Let's put some bite in our pit bull control (Syracuse, NY)

Pits in the news and info on Breed Specific Legislation.

Postby Marinepits » August 31st, 2006, 8:09 pm

http://www.syracuse.com/case/index.ssf? ... 813030.xml

Let's put some bite in our pit bull control
Saturday, August 19, 2006
DICK CASE
POST-STANDARD COLUMNIST

A week ago, a pregnant Syracusan was hit in the abdomen by a stray bullet after she leaned out a window of a home on South Avenue.

We're told Laquon Radcliff and her unborn child are OK; Syracuse isn't.

Three days after that Aug. 11 shootout in Elmwood, another blow to our sense of well-being: A Syracusan walking with his 3-year-old daughter near Le Moyne College was attacked by a neighbor's pit bulls. The child escaped injury, the dad's nursing the bites, and the owner of the dogs he says he's a breeder is in trouble with the law.

Four of the attackers were shot by police. Three died on the battlefield, one later. Two more of Omari Anderson's city pities are locked up at the pound.

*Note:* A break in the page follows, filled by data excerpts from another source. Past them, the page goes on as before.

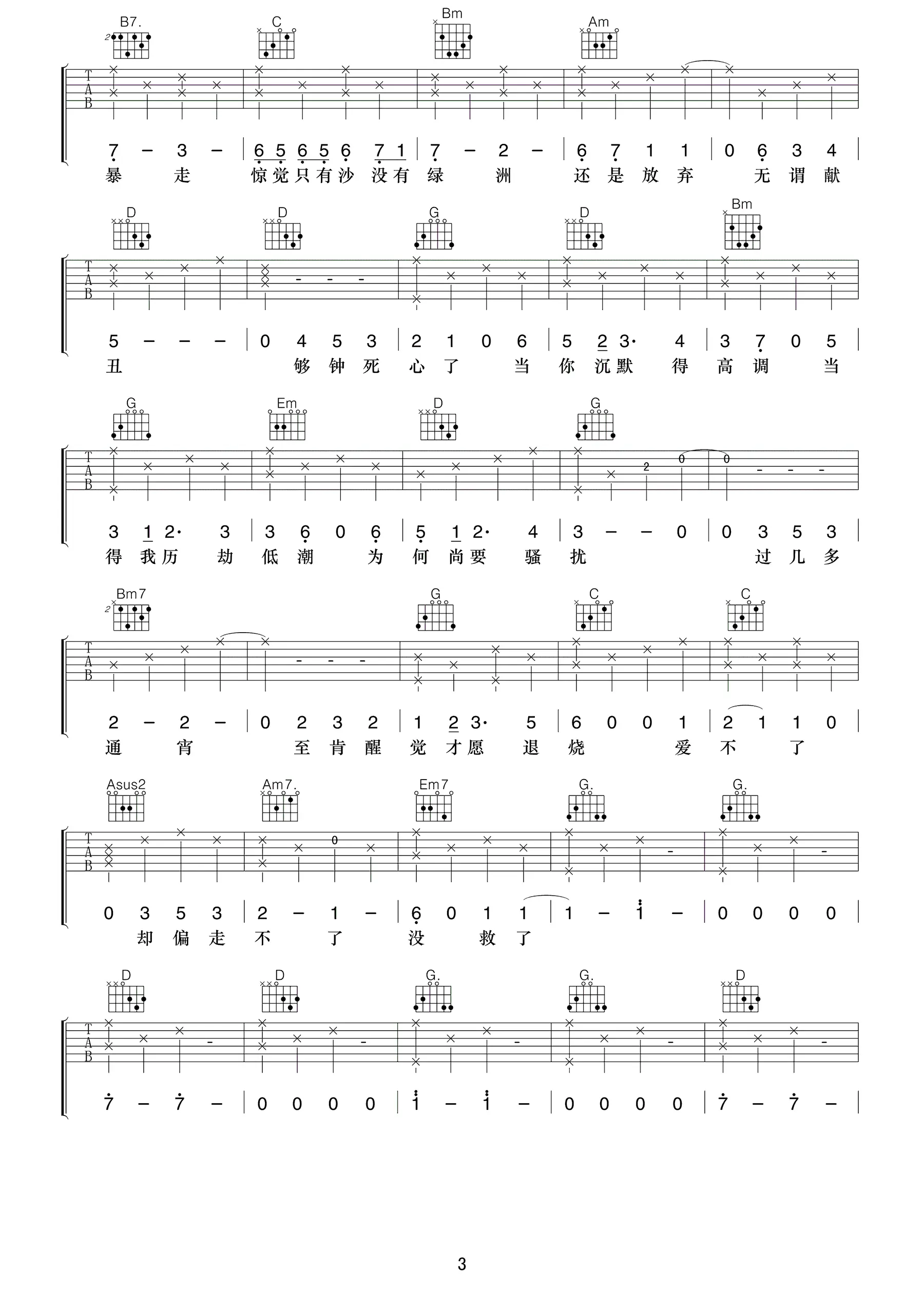 传奇吉他谱_李健_A调_高清弹唱谱_六线谱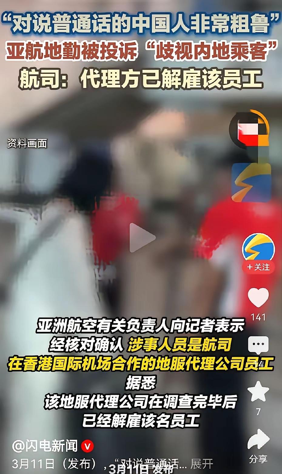 香港机场亚航地勤出言不逊,公然否认自己是中国人,直接被解雇! 香港回归二十余载,身为中国香港的服务人员,对着说普通话的同胞态度恶劣,还发表数典忘祖的言论,既丢了职业底线,更伤了民族情感。 这件事一经曝光,立刻在全网炸开了锅,无数网友拍手称快,大家愤怒的不只是一次糟糕的服务体验,而是有人在国门之下、同胞面前,公然撕裂身份、践踏底线。 香港从来都是中国不可分割的一部分,这是不容置疑的事实,也是刻在每一个中国人血脉里的认同。 机场本是城市的窗口,地勤代表的不只是一家公司,更是中国香港的形象。 穿着制服站在岗位上,就该明白自己的一言一行都代表着这片土地。 对同胞恶语相向,用语言区别对待,把职业素养抛在脑后,把家国认同踩在脚下,这样的人根本不配从事服务行业,更不配站在香港国际机场的岗位上。 有人说这只是个别员工的问题,可恰恰是这种个别行为,最能戳中大家的痛点。 回归二十多年,香港与内地血脉相连、经济相融、民心相通,越来越多的内地游客赴港出行,越来越多的香港同胞走进内地,本就是一家人,不该有隔阂,更不该有歧视。 一句“不是中国人”,寒的是亿万同胞的心,毁的是自己的前途。 官方处理果断干脆,直接解雇,就是给所有抱有错误思想、做出不当行为的人敲响警钟。 在国家主权和民族认同面前,没有任何商量余地。 服务可以有差异,态度可以有不同,但尊重不能分地域,认同不能分语言。 香港的繁荣稳定,离不开祖国的坚强后盾;香港市民的尊严与荣光,也离不开强大祖国的支撑。 任何数典忘祖、破坏团结的言行,都注定被大众唾弃,被市场淘汰,被时代抛弃。 出门在外,我们都是中国人;立足香港,我们更是中国人。 尊重同胞,守住底线,心怀家国,才是立足之本。 这样的处理大快人心,也希望所有服务人员引以为戒,别再触碰红线,别再伤害同胞感情。 对于这件事,大家有什么看法?欢迎在评论区留言讨论。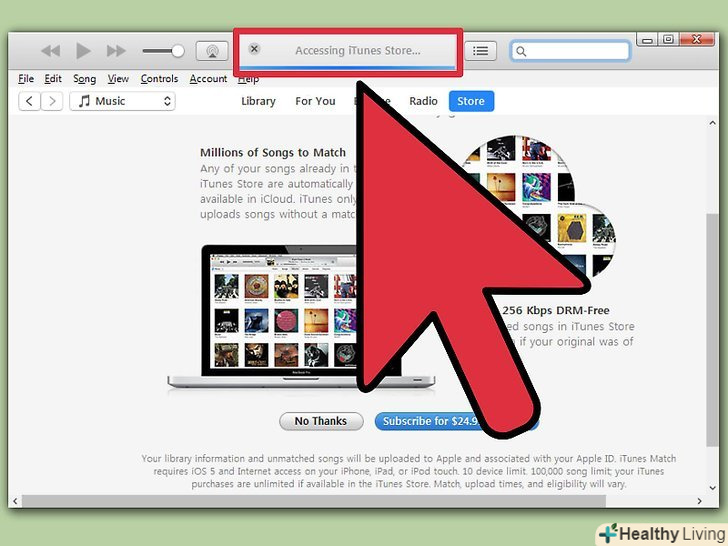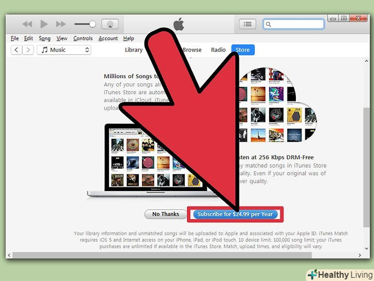 Зареєструйтеся на iTunes Match.за використання iTunes Match потрібно платити річну плату. Цей сервіс зберігає всі музичні файли через iCloud, включаючи і всі файли, які ви не купували через iTunes, в тому числі файли з дисків і файли, звідкись завантажені. Якщо у вас багато музики, яку ви через iTunes не купували, то сервіс буде вельми корисний.- Щоб зареєструватися на iTunes Match, клікніть на меню " магазин "і виберіть"Включити iTunes Match". Після цього потрібно буде ввести Apple ID і пароль, після цього ви перейдете на сторінку замовлення.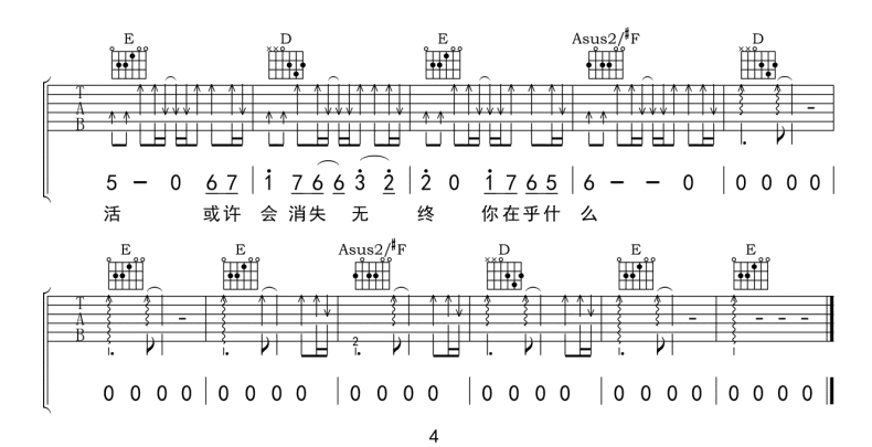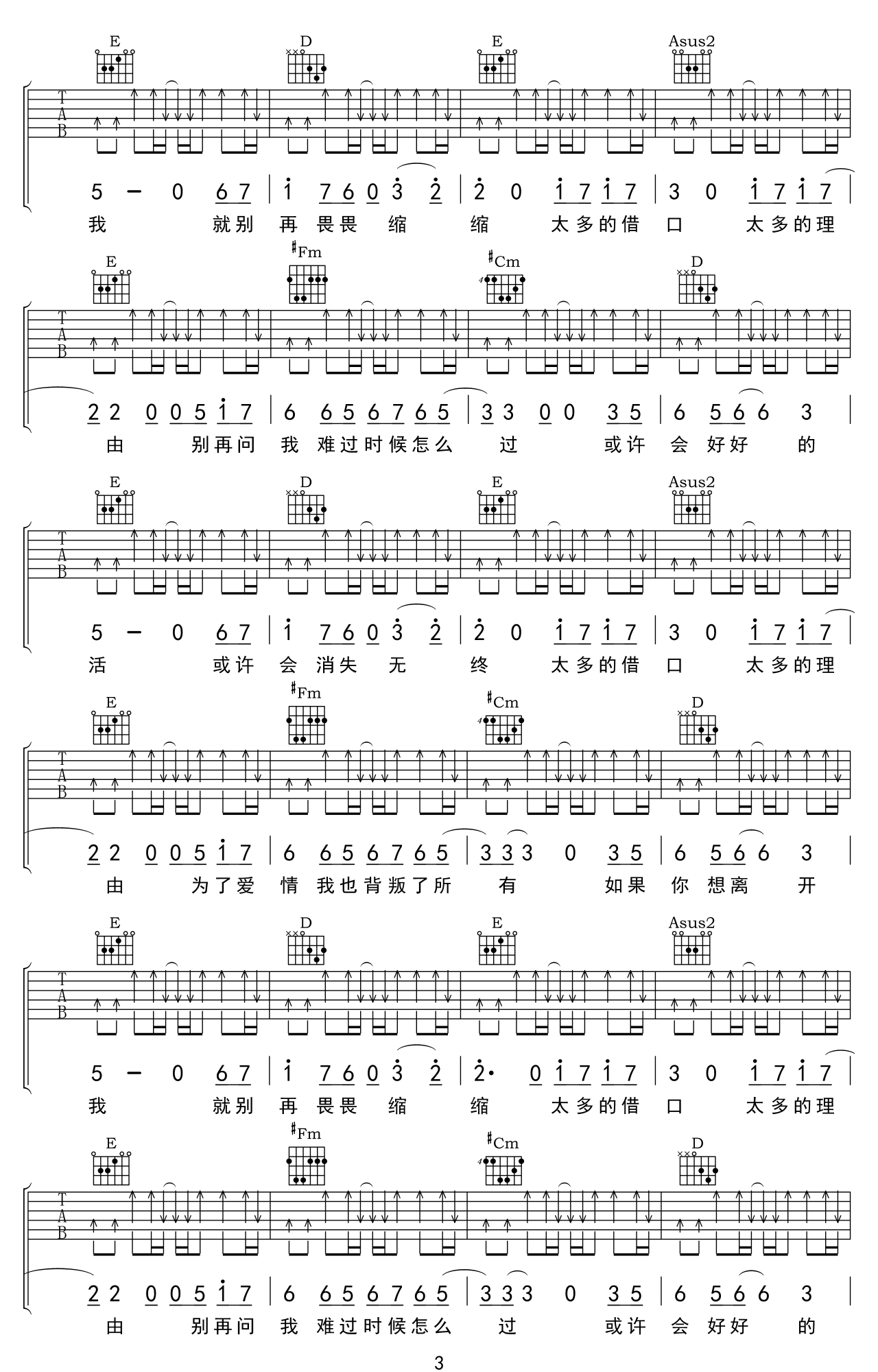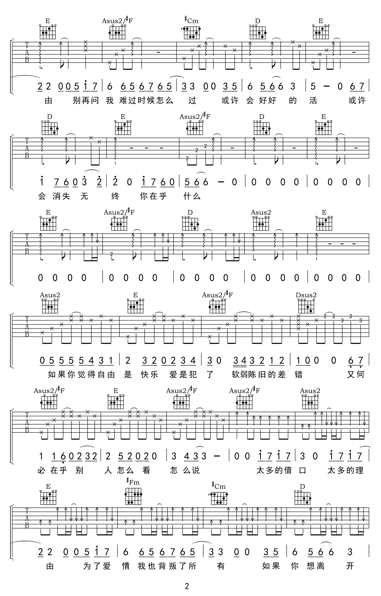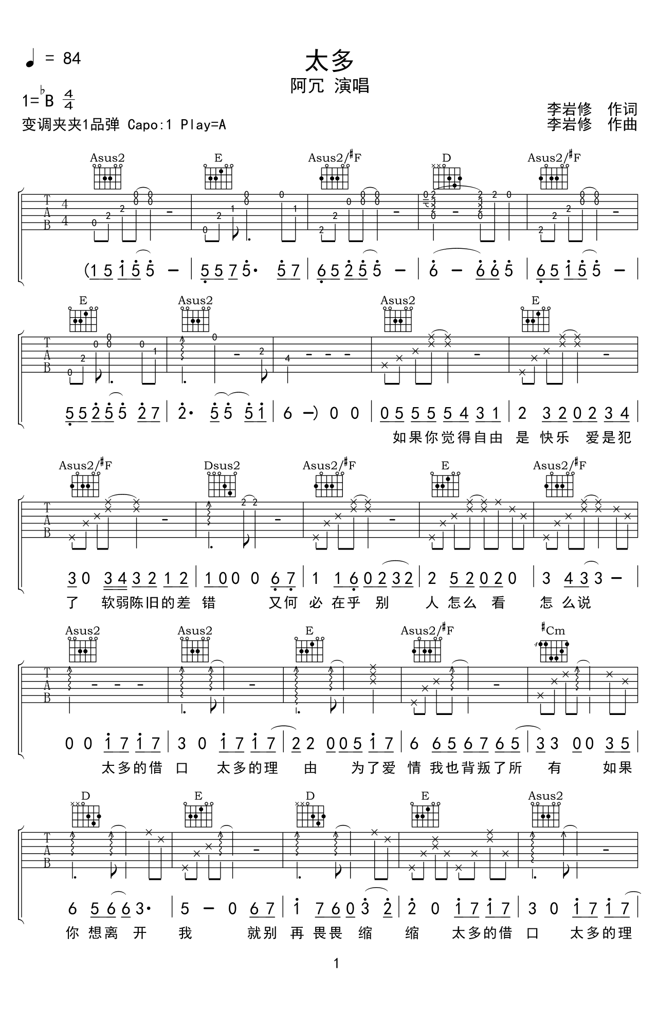 - 太多吉他谱_阿冗_A调弹唱谱_完整图片谱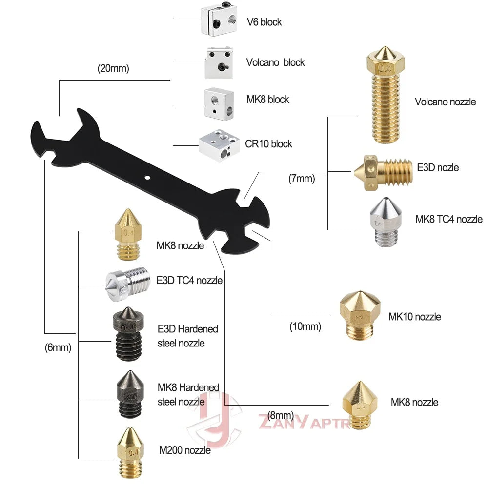 Dieser vielseitige 5-in-1 Drehschlüssel ist speziell für den präzisen Einsatz an Düsen von 3D-Druckern konzipiert. Gefertigt aus robustem Edelstahl, überzeugt das Werkzeug durch seine Langlebigkeit und korrosionsbeständige Oberfläche.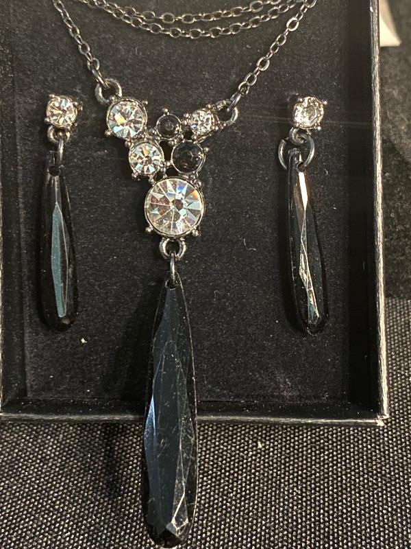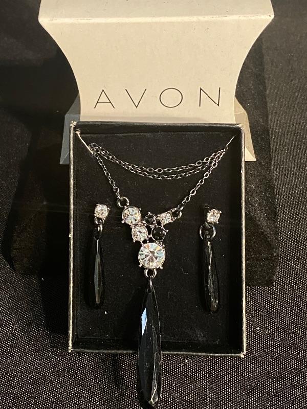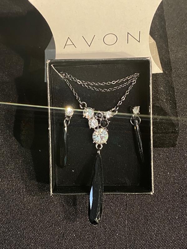 AVON Teardrop Bead Y Necklace Gift Set. Necklace with matching earrings in original box, never used. Faceted black beads with clear rhinestones.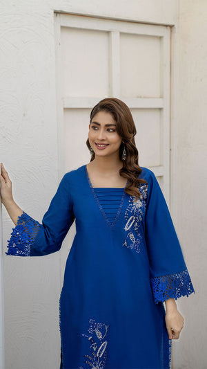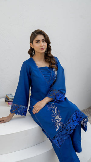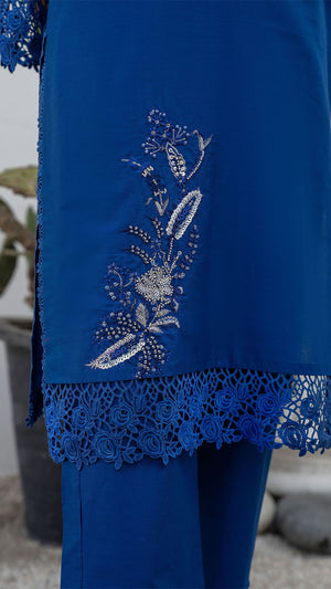 Make a refined style statement with this elegant ink Blue embroidered 2-piece suit, designed for timeless sophistication and effortless grace. The Deep Blue base is beautifully enhanced with delicate silver-toned embroidery, creating a striking contrast that exudes understated luxury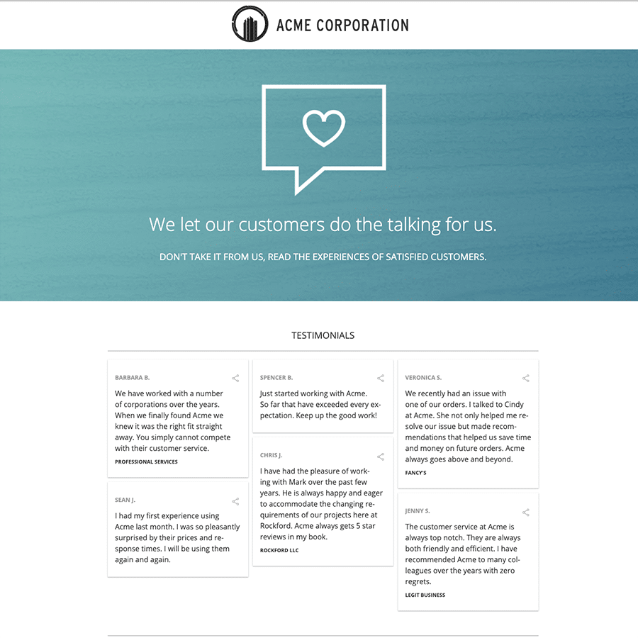 Building up your reputation through reviews has other benefits as well. Whereas hashtagged posts typically live on a social media channel, you can promote reviews anywhere. Add quotes from reviews to a website, landing page, ads, promotional videos, or anywhere your promote your business. Reviews can even be grouped together and displayed in a gallery for additional impact.View and Create Your Own Review Gallery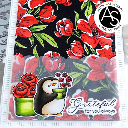 I colored the images with Copic markers and used the coordinating dies for the Penguin love, Happy hog day and Spring bunnies sets. For the basket of roses, I did partial die cutting on the pot and placed the top plate of the die cutting machine at the limit of the pot before the roses, to leave them uncut. I then fussy cut around the roses with scissors.
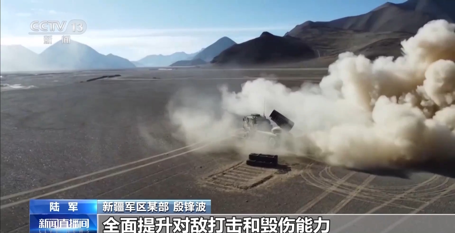 新疆军区某部 殷锋波:我们依托演训场的地形和特点,灵活采取多种射击方式,依托一体化指挥平台接收目标信息,运用火控系统决定诸元,并进行炸点修正,实现全自动自主射击,弹药装填车快速装填,优化实装实射训练,全面提升对敌打击和毁伤能力。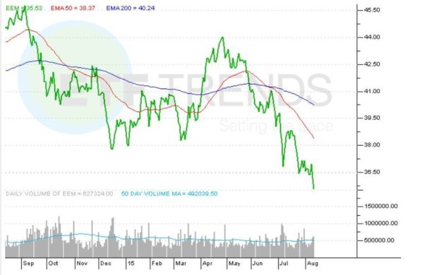 Already beaten up, emerging markets stocks and exchange traded funds were punished Tuesday after the People’s Bank of China decided to devalue the yuan. The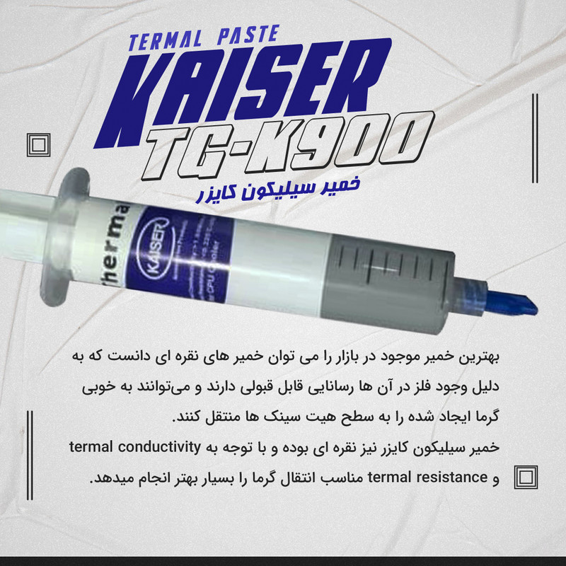 | سایر توضیحات | انتخاب بهترین خمیر سیلیکون از اهمیت بالایی برخوردار است. خیمرهای حرارتی باعث انتقال بهتر گرما و خنکتر ماندن پردازنده میشوند. استفاده از خمیر حرارتی مناسب تأثیر انکار نشدنی بر عملکرد پردانده دارد. |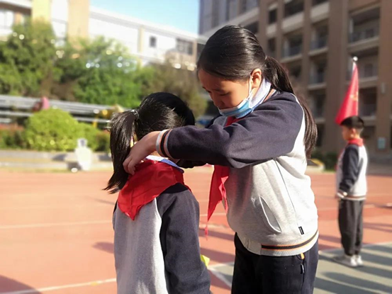活動在激昂的《少先隊出旗曲》中拉開序幕。伴著少先隊員鏗鏘有力的步伐,隊員們高舉右手敬禮注視著中國少年先鋒隊隊旗,齊唱《中國少年先鋒隊隊歌》,用歌聲表達對黨、對祖國、對少先隊組織的熱愛之情。大隊輔導員宣讀了新隊員名單,245名同學正式入隊,老隊員為新隊員送上賀卡,并為他們佩戴紅領巾。少先隊員們在神圣隊旗下鄭重宣誓:“我是中國少年先鋒隊隊員,我在隊旗下宣誓......為共產(chǎn)主義事業(yè)貢獻力量!”石艷君校長向所有新入隊的隊員表示熱烈祝賀,希望孩子們牢記黨的教誨,好好學習,好好鍛煉,全面發(fā)展,茁壯成長,爭做新時代好隊員,為胸前鮮艷的紅領巾增光添彩!

The attack was a horror for Robert Walts and his little girl: Who can image how bad it was? It was a horror in absentia for the rest of us.

My dislike and fear of pit bulls is documented. If I were mayor, I'd get them banned, either by execution or exile, whenever they ran loose, bit or otherwise didn't act like pets. Maybe in time we'd be pitless.

That's not fair, is it? We must observe due process. Omari Anderson will be duly processed for charges that include reckless endangerment and having four attack biter dogs. If convicted, he ought to be sentenced to 60 days in a bull pit with only a stepladder and a squirt gun.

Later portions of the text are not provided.